Расчет содержания холестерина ЛПВП производят по формуле: Собр = Е0/Ест х 0,52 х 3,0, где Е0 и Ест - оптические плотности опытной и стандартной проб, измеренные относительно контрольной пробы, ед.опт.пл.; 0,52 - содержание холестерина в калибраторе, моль/л; 3,0 - коэффициент разведения сыворотки. Определение содержания триглицеридов (ТГ). Определение концентрации триглицеридов в сыворотке крови проводили с помощью набора реагентов «ТРИГЛИЦЕРИДЫ ФС» фирмы «Диакон-ДС» фотометрическим методом при длине волны 500 (480-520) нм.
Принцип метода: липаза катализирует реакцию гидролиза триглицеридов с образованием жирных кислот и эквимолярного количества глицерина. Глицерин при наличии АТФ, гексокиназы и глицерофосфатоксидазы окисляется кислородом воздуха с образованием эквимолярного количества перекиси водорода. Пероксидаза катализирует окисление хромогенных субстратов перекисью водорода в присутствии хлорфенола с образованием окрашенного продукта, интенсивность окраски которого прямо пропорциональна концентрации триглицеридов в пробе и измеряется фотометрически при длине волны 500 (480-520) нм.
Состав набора. Реагент 1: буферно-ферментный раствор, содержащий фосфатный буфер рН 7,2-50 ммоль/л; 4-хлорфенол - 4 ммоль/л; 4-аминоантипирин - 0,5 ммоль/л; АТФ - 2 ммоль/л; магний хлористый - 15 ммоль/л; глицеринкиназу -400 Е/л, глицеро-3-флосфатоксидазу - 1500 Е/л; липопротеинлипазу - 4000 Е/л; пероксидазу - 2000 Е/л; азид натрия - 0,095%. Реагент 2: Калибратор (калибровочный раствор триглицеридов - 2,3 ммоль/л в растворе Тритона Х-100 -0,3% и азида натрия - 0,095%.
Проведение анализа.
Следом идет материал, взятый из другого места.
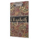 Un motif de Paisley avec le motif de peau de tache de léopard avec une bannière en cuir noire entouré par des fausses pierres de diamant (faux) ces vous pouvez customiser et personnaliser. Changez juste Elizabeth nommé en n'importe quel nom que vous choisissez. Modelez les couleurs s'étendent dans noir, brun, marron, rouge.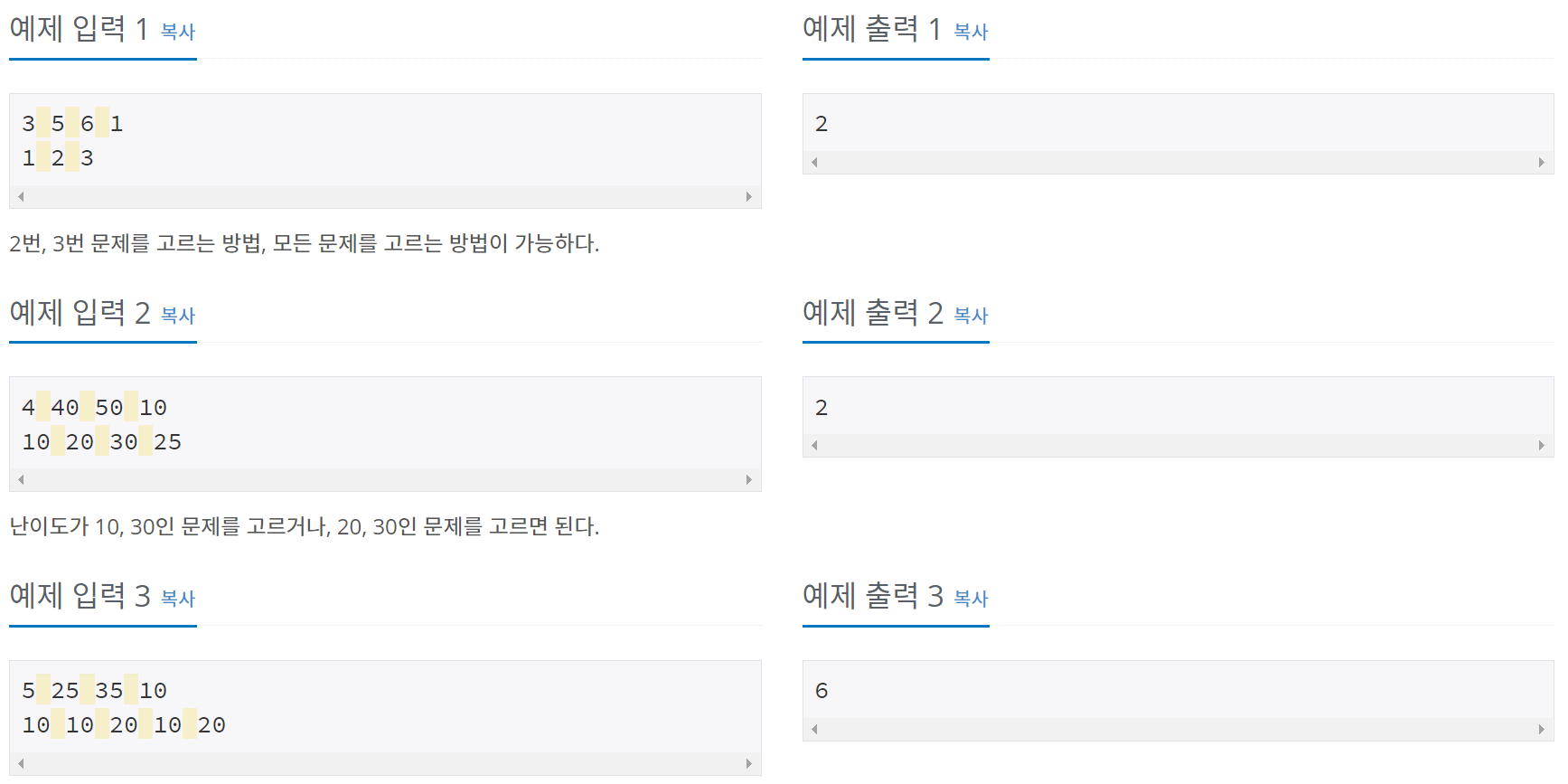 난이도가 10, 30인 문제를 고르거나, 20, 30인 문제를 고르면 된다.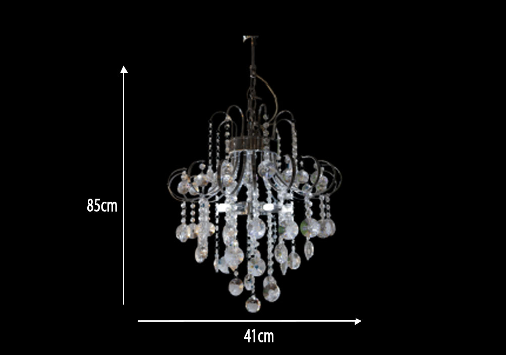 The Rosina 5 Light Pendant features a classic design with curved, polished chrome arms and abundant crystal embellishments. The sparkling crystals reflect light in a multitude of ways, creating an elegant and opulent interplay of light that adds a luxurious touch to any room. This fixture is ideal for living and dining areas seeking a classic yet glamorous ambiance.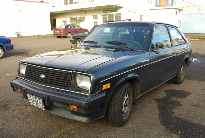 1985 chevette, looked virtually like this, rust & sliding trim & all: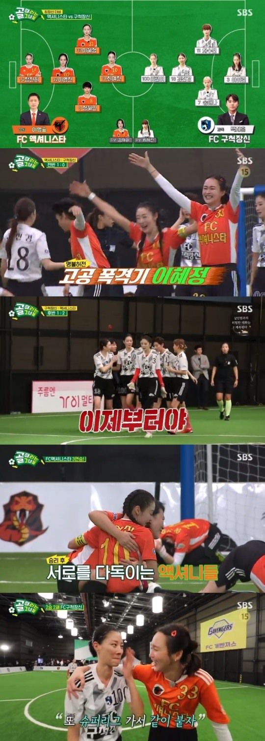 전날 23일 방송된 SBS 예능프로그램 '골 때리는 그녀들'에서는 액셔니스타가 구척장신과 경기에서 승리한 모습이 전파를 탔다.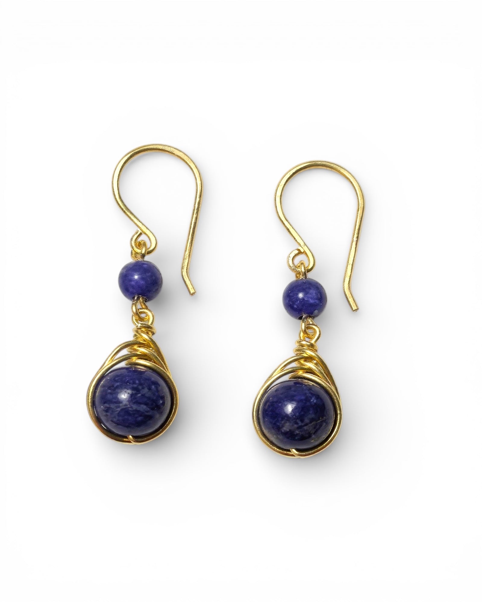 Lapis Doğal Taş Gümüş Tel Sarma Küpe
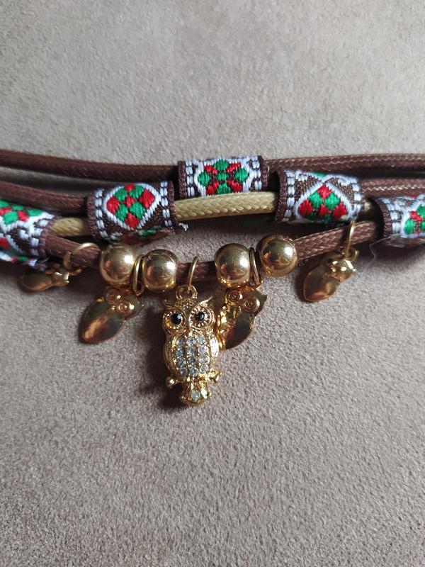 Интересный браслет с подвесками совушками выполнены из текстиля, металла. Центральная совушками с кристаллами. Б/у. Условия совершения покупки: • Если нужны дополнительные фото или замеры — пишите, с удовольствием вам все предоставлю. • Все интересующие вопросы задавайте до совершения покупки, с радостью на них отвечу. • Товар возврату и обмену НЕ подлежит. • 100% оплата на карту Приват Банка. Комиссию оплачивает покупатель. • Доставка Новой Почтой или Укрпочтой.
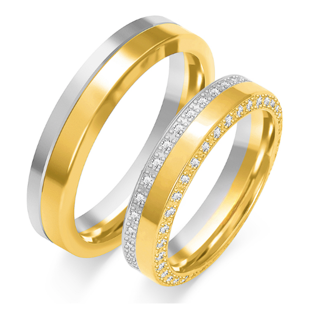 Vestuviniai žiedai su dviem eilėm deimantų (5 mm) (0,55 ct) (pora)
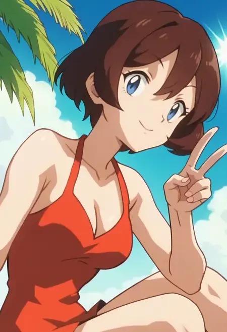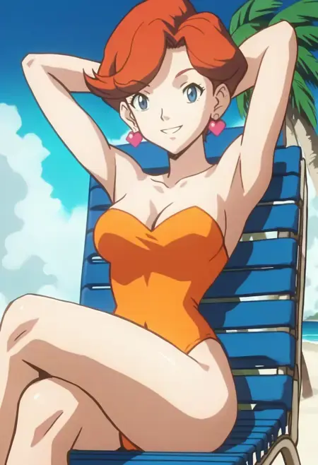 PMGC4, 주황색 머리카락, 단발, 뒤로 젖힌 앞머리, 파란색 눈, 빨간색 귀걸이, 원피스 수영복, 가슴 선, 어깨가 드러난, 주황색 레오타드,

Опытная проба: в пробирку помещают 1000 мкл реагента 1 и добавляют 10 мкл сыворотки крови; калибровочная проба: в пробирку помещают 1000 мкл реагента 1 и добавляют 10 мкл калибратора; холостая проба: в пробирку помещают 1000 мкл реагента 1 и добавляют 10 мкл дистиллированной воды. Реакционную смесь перемешивают и инкубируют 20 минут при 20-25С или 10 минут при 37С. Измеряют оптическую плотность всех образцов не позднее, чем через 60 минут при длине волны 500 нм.